T.J. leaned on the rail. In the moonlight, a thin streak of amber glowed across his neck—the path of a minié ball that had grazed him during his first battle as a Union Army soldier. It seemed strange to me that you could die, reach Valhalla, get resurrected daily for a hundred and fifty years, and still carry a tiny scar you got in your mortal life.

“Back in the war,” he said, “we all worried that Great Britain would declare for the Rebels. The British had abolished slavery way before we did—the Union, I mean—but they needed Southern cotton for their textile mills. The fact that the UK stayed neutral and didn’t side with the South—that was a huge factor in the North winning the war. It always gave me a warm feeling toward the Brits. I dreamed about going there someday and saying thank you in person.”

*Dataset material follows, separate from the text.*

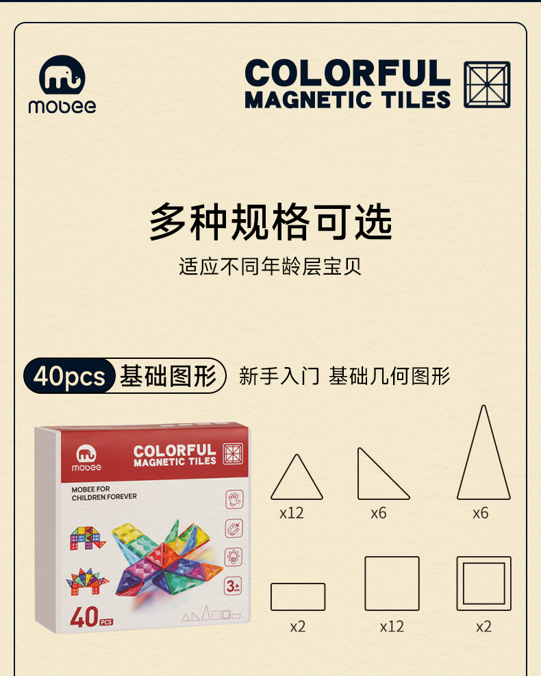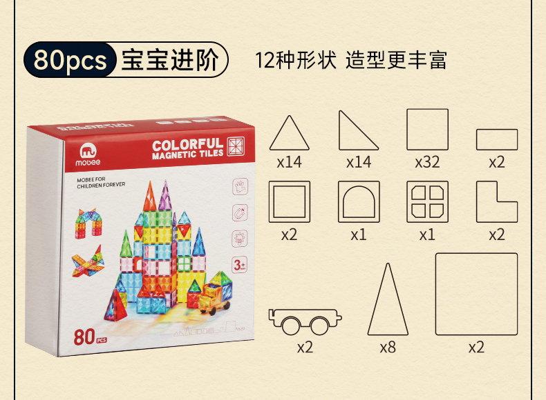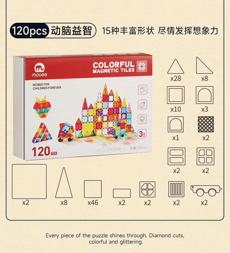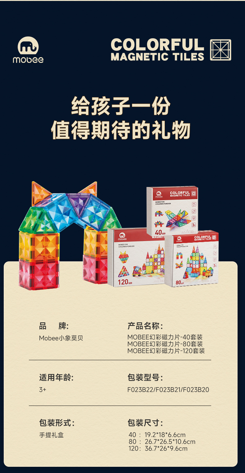 mobee F023B22 120片强劲磁吸 幻彩磁力片 (单位:盒)

I tried to detect sarcasm or irony in his tone. T.J. was the son of a freed slave. He’d fought and died for a country that kept his family in chains for generations. He even carried the name of a famous slaveholder. But T.J. said we when he talked about the Union. He wore his uniform proudly after more than a century. He dreamed about crossing the ocean to thank the British just because they’d done him the favor of staying neutral.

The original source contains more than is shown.